This is the set that quietly ended a nine-year drought for the Coast Guard in LEGO City, and I did a little happy dance when it landed.

You get a proper patrol boat with peel-off deck layers, a helicopter, two dinghies, five minifigures and a dog, all for a hundred dollars. It is a genuinely fun play set that happens to look good on a shelf too. If you want a display centerpiece full of clever engineering, temper your expectations, because at heart this is built for a kid to float in the bathtub.

Best for: families who want one big water-play set the whole household will actually play with

The full review

What it is

The hull is what got me. LEGO has made floating boats before, but there is something about lifting this patrol boat off the table, peeling back the deck layers to reveal a tiny bridge and a galley with a coffee machine, and knowing the whole thing will actually sit on water without capsizing.

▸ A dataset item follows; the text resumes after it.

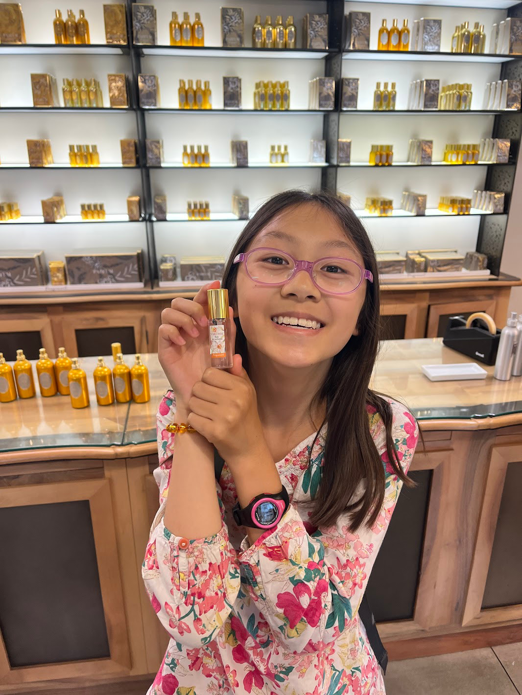 我們還親自體驗了調製淡香水(eau de toilette)的樂趣,真的超好玩!不但學到怎麼搭配前調、中調和後調,還能帶著自己調出來的香水當作紀念品。燕燕對她最後完成的香水超級滿意,一路上都開心地拿著聞,彷彿成了小小調香師呢!
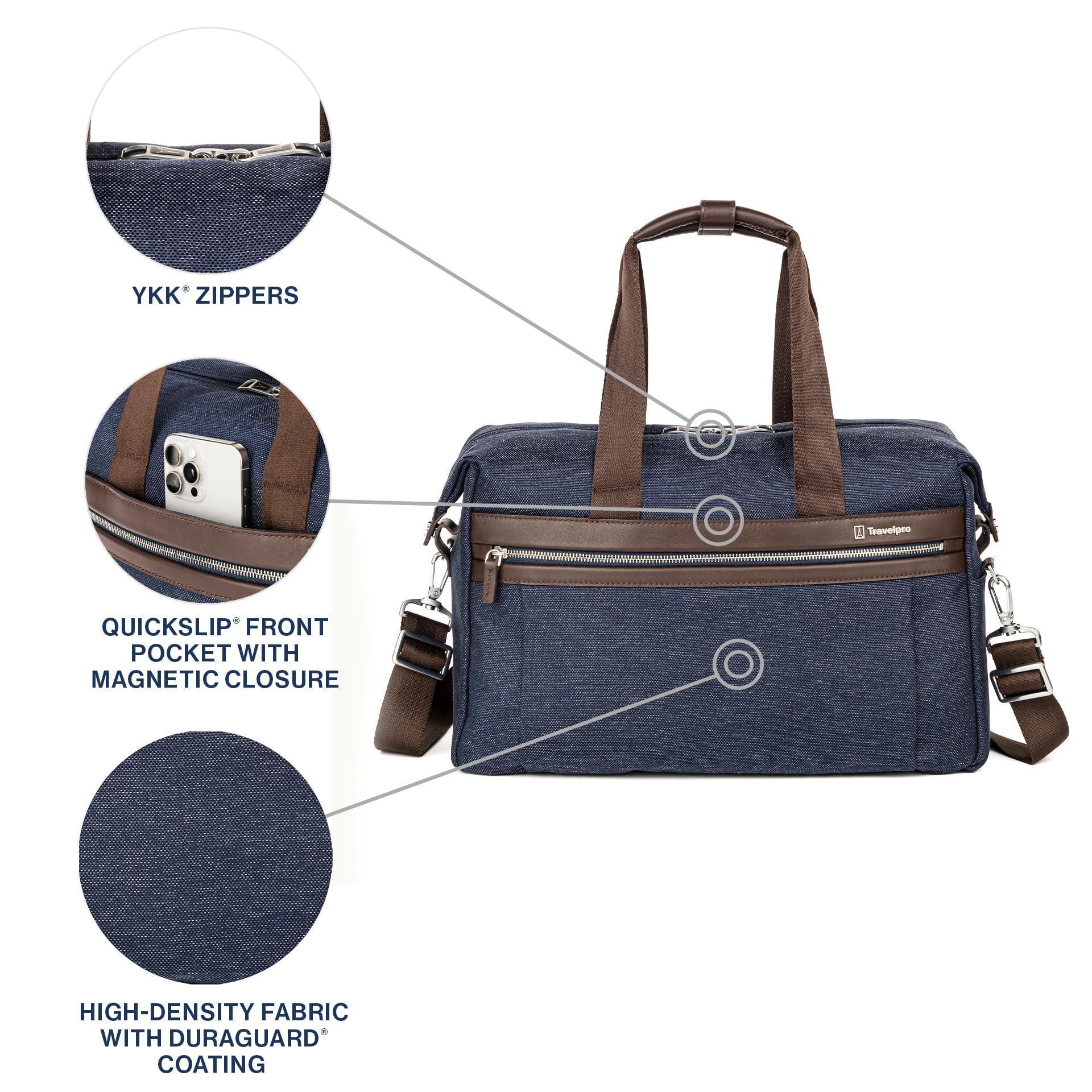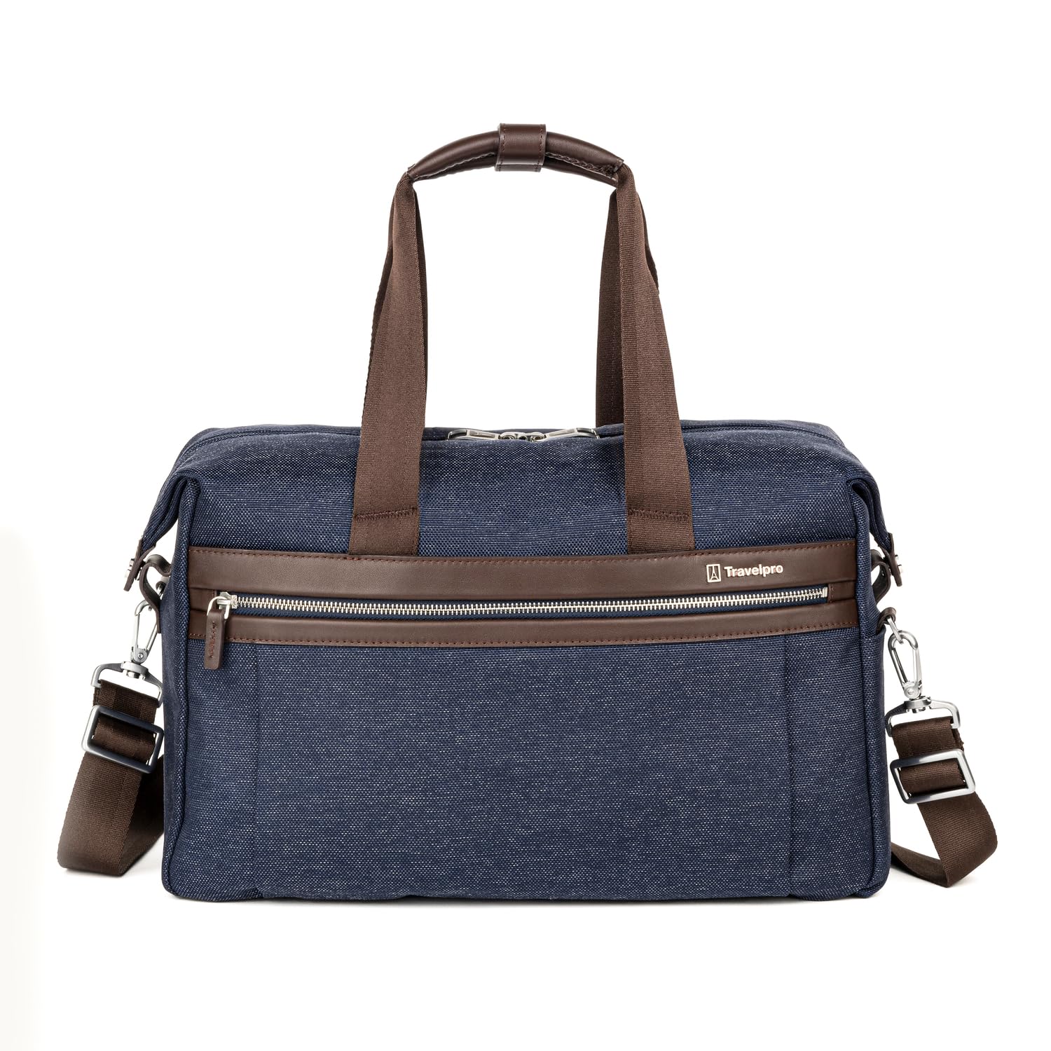 This stylish Underseat Tote isnt just for airplane travel. While its soft construction makes it an ideal onboard personal item that fits easily under most domestic airline seats, but the Travelpro Platinum Elite UnderSeat Tote also works great as a gym bag and an everyday carry-all. Built-in organization includes an interior padded sleeve to protect electronics and a Travelpro QuickSlip front pocket that securely stores a cell phone or other essentials for quick access. ECOFAB interior lining is easy to keep clean and made from recycled plastic bottles, and the ultra-durable, high-density exterior fabric is treated to resist stains and abrasions, then finished with full-grain leather details and hardy YKK zippers for extreme resilience. Carrying options include leather handle touchpoints, a removable, adjustable shoulder strap, and an integrated rear strap that slides over the extension handle of a rolling suitcase for secure stacking.

This is the set that brought the Coast Guard subtheme back to LEGO City for the first time since 2017, and designer Adam Grabowski clearly wanted it to earn that return. You get the big boat, a rescue helicopter with a spinning rotor, two little dinghies that launch off a ramp, five minifigures and a dog. For a hundred dollars, that is a lot of rescue scenario in one box.

The catch

I will be straight with you about the value, because it is the one place this set stumbles. At 743 pieces for $99.99 you are paying around 13 cents a piece, which is a notch above what City sets of this size usually ask. Part of that is the floating tech, and part of it is simply that a boat hull eats a lot of bricks without giving you a lot of building variety in return. If you are the kind of builder who measures a set by how many interesting techniques it teaches, you may finish the hull section feeling like you clicked a lot of plates into a lot of other plates. The helicopter and the interior details are the more rewarding stretches. This is a play set first and a builder's puzzle a distant second, and the price tag does not quite hide that.

Who it's for

So who will love it. Any household with a kid who lives for rescue drama, splashing, and setting up elaborate ocean emergencies is going to get enormous mileage here, especially because the floating gimmick means the play does not stop at the edge of the table. It is also a lovely nostalgia hit for anyone who grew up with the old Coast Guard sets and has been waiting nearly a decade for the theme to sail back. I would gently steer away the adult collector who wants a detailed static display or a challenging build to lose an afternoon in. That person will admire the boat but feel it is a little thin. For everyone else, particularly families, this is one of the more joyful City sets of the 2026 wave.

The parts story

What the build is actually like, and the pieces worth knowing about.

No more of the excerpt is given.